Twenty-three years ago, Noel Dube said, the Virgin Mary urged him to erect a shrine to God. Now a different authority has ruled that it can stay.
A Middlesex Superior Court judge said Dube can keep an illuminated, three-story religious display in his Pepperell backyard, more than five years after local officials ordered that he take it down because he did not have the proper building permits.
Dube, an 85-year-old World War II veteran who lost a leg sweeping mines in Germany, said he began building the shrine after the Virgin Mary spoke to him during his morning prayers on May 28, 1982.
After a neighbor complained about the shrine's size and the visitors it attracted, the town asked Dube to remove it in 1999.
Instead, he expanded it, adding a 30-foot painting of Jesus and a 24-foot illuminated cross to a 20-foot mural of Our Lady of Fatima.
Dube could not be reached for comment yesterday, but feels vindicated, said his lawyer, Edward McCormick.
"He's not a guy who ever wanted to flaunt the rules and regulations, but on the other hand, when no accommodations were made, he fought back," McCormick said.
Middlesex Superior Court Judge Kenneth J. Fishman handed down the ruling last week. The town of Pepperell had argued that Dube needed permits to legally maintain the mural. Since he refused to apply for permits, the town reasoned, the mural had to be removed.
McCormick argued that the shrine was protected by the First Amendment, as well as a state law that prohibits zoning ordinances from regulating or restricting structures for religious purpose, as long as the dimensions of the structures are reasonable.
In his decision, Fishman said the structures are clearly used for religious purposes and are of reasonable dimensions.
The town has not decided if it will appeal the ruling, said Town Administrator Robert Hanson. But he criticized Fishman's decision as being "narrow in its focus." The town is concerned about safety, not religion, Hanson said.
"He has a structure 20-something-feet tall, and the town has no knowledge of how it was fastened to the ground," Hanson said. "The judge just focused on religion."

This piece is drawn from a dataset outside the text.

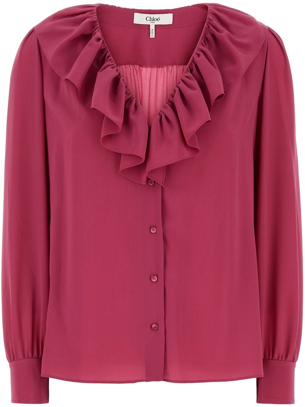 silk blouse Highlights - Dark pink - Front button fastening - Buttoned cuffs - Ruffled detailing - V-neck Made in France Composition Silk 100% SIZE & FIT Measurement SLEEVE LENGTH 24.01 in(61 cm) LENGTH 25.98 in(66 cm) WAIST 44.09 in(112 cm)
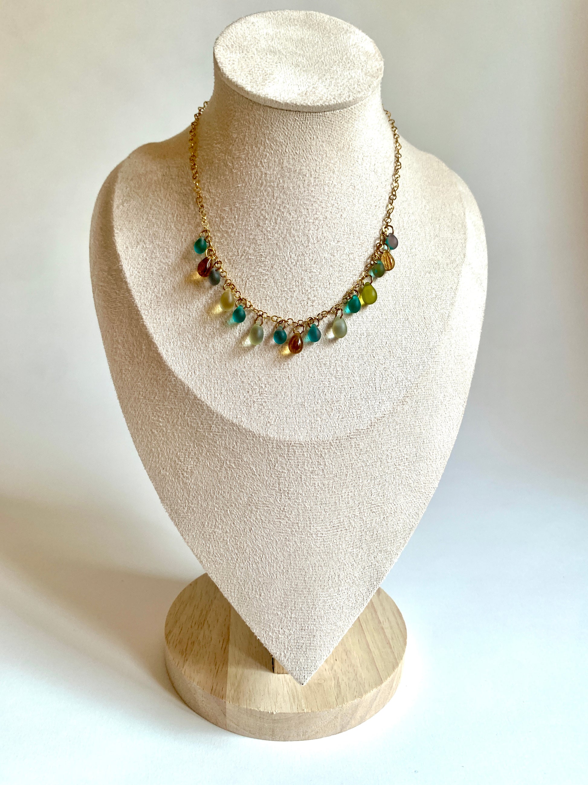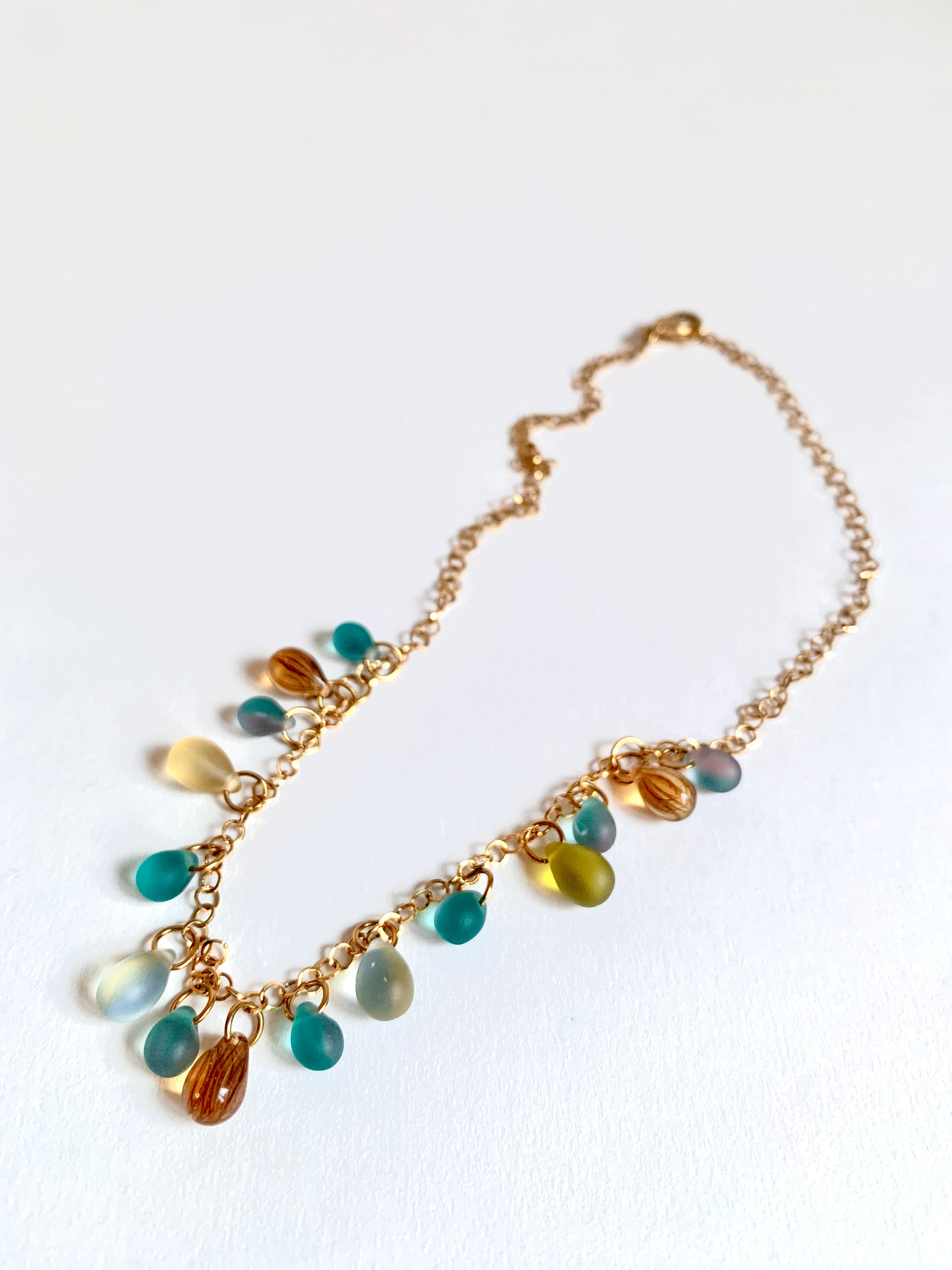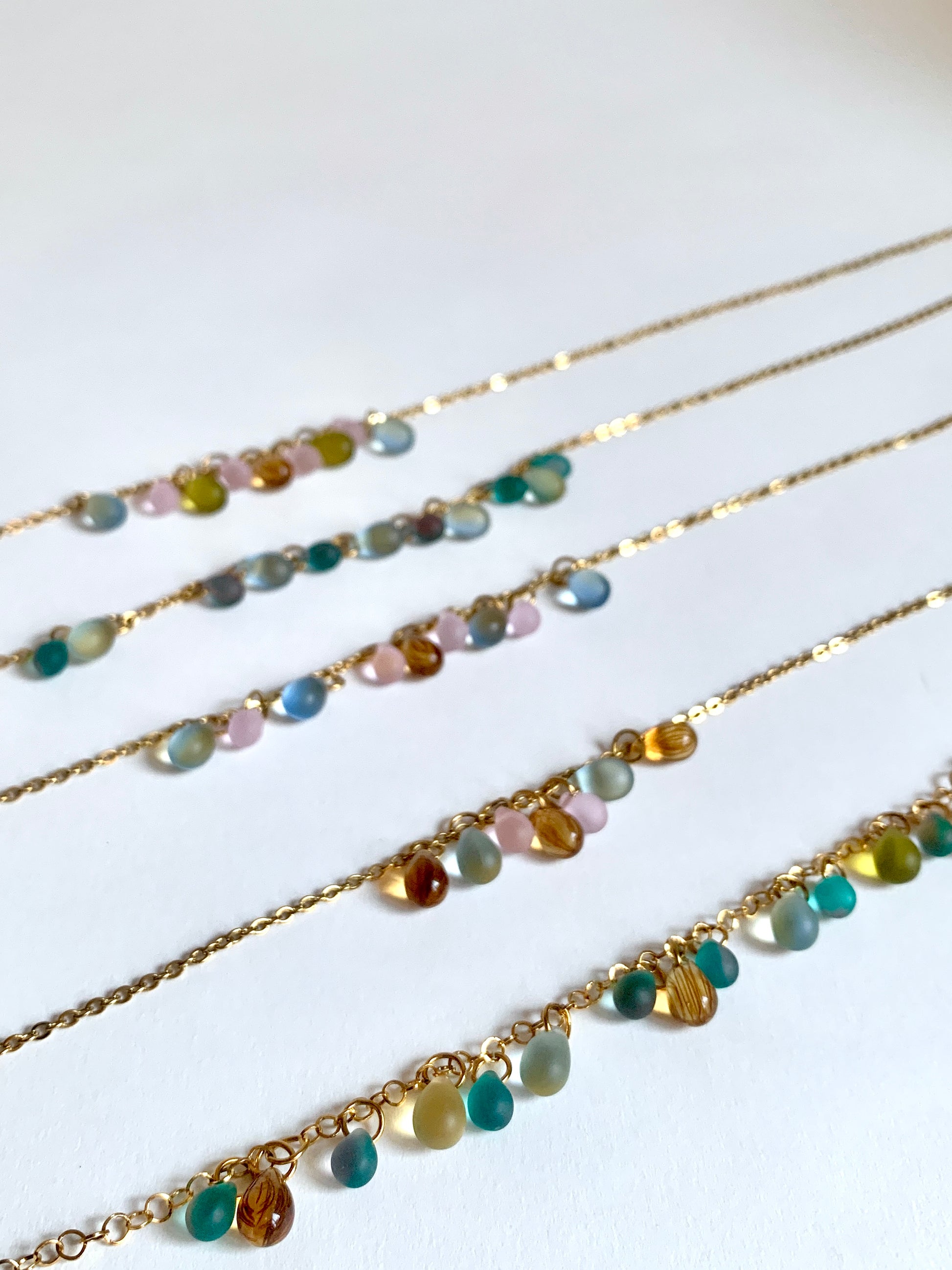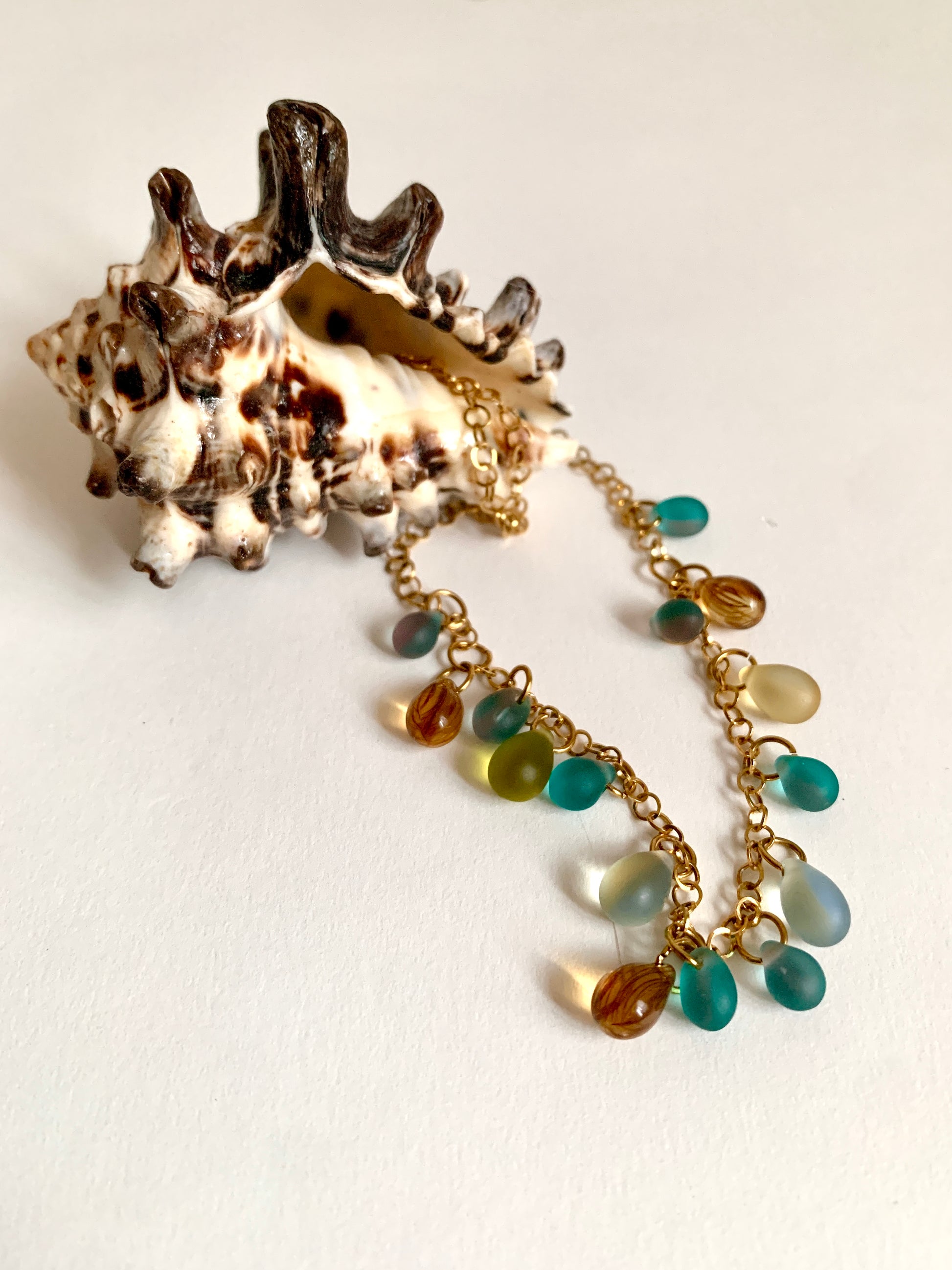 Collier doré d’embruns et de lumière, où chaque perle semble née du ressac. Des larmes d’azur, des éclats miel, des teintes douces comme un lever de soleil sur l’eau.

"We're surprised and a bit disappointed," said neighbor Jen Reale. "He clearly disregarded the fact that there is a size limitation. He's taken advantage, and we strongly feel that should be addressed."

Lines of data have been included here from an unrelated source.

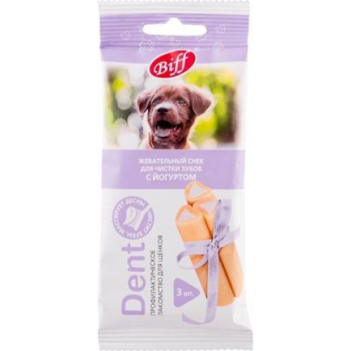 Лакомство для щенков мелких и средних пород Biff Dent с йогуртом - это вкусное и полезное угощение для вашего питомца. Вес составляет 40 грамм. Идеально подходит для щенков, которые только начинают чистить зубы, а также для тех, кто имеет проблемы с зубами и деснами.
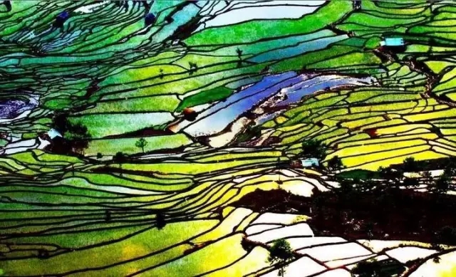 哀牢山的地勢險峻,山高谷深,海拔在3000米與600米間變化,形成了一個寒溫帶、亞熱帶和熱帶的立體氣候。那片山高谷深,溝壑縱橫,山地連綿,層巒疊嶂中藏著哈尼人的。哈尼人用頑強(qiáng)的毅力在這崇山峻嶺中開鑿出了世界聞名的、壯美的梯田。這片土地給了哈尼人物質(zhì)所需的同時也給了我們一個美麗的藝術(shù)圣地。
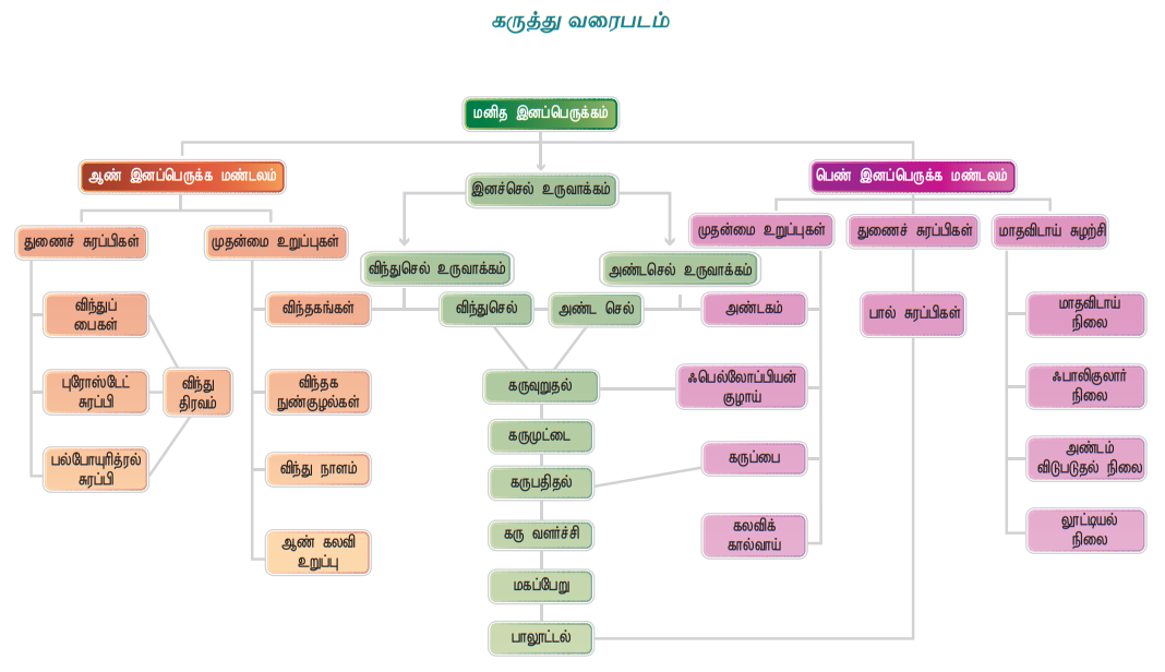 30. மனித விந்து செல் உருவாக்கம் மற்றும் அண்ட செல் உருவாக்கம் நிகழ்வுகளை வரைபடம் மூலம் விளக்குக.

Dube, a devout Roman Catholic who considered entering the seminary as a teenager, said he was commanded to erect a shrine while he was on his knees in his backyard saying his morning prayers that spring day 23 years ago.
Uncertain what to do, he procrastinated until he nearly died of prostate cancer a few years later. After recovering, he erected the Fatima mural and placed small signs around town to advertise the new shrine. As the faithful and the curious began to trickle into his half-acre, tree-lined backyard, Dube added the mural of Jesus.
But in 1999, with the number of visitors approaching 4,000 a year, a neighbor complained that the shrine did not belong in a residential neighborhood.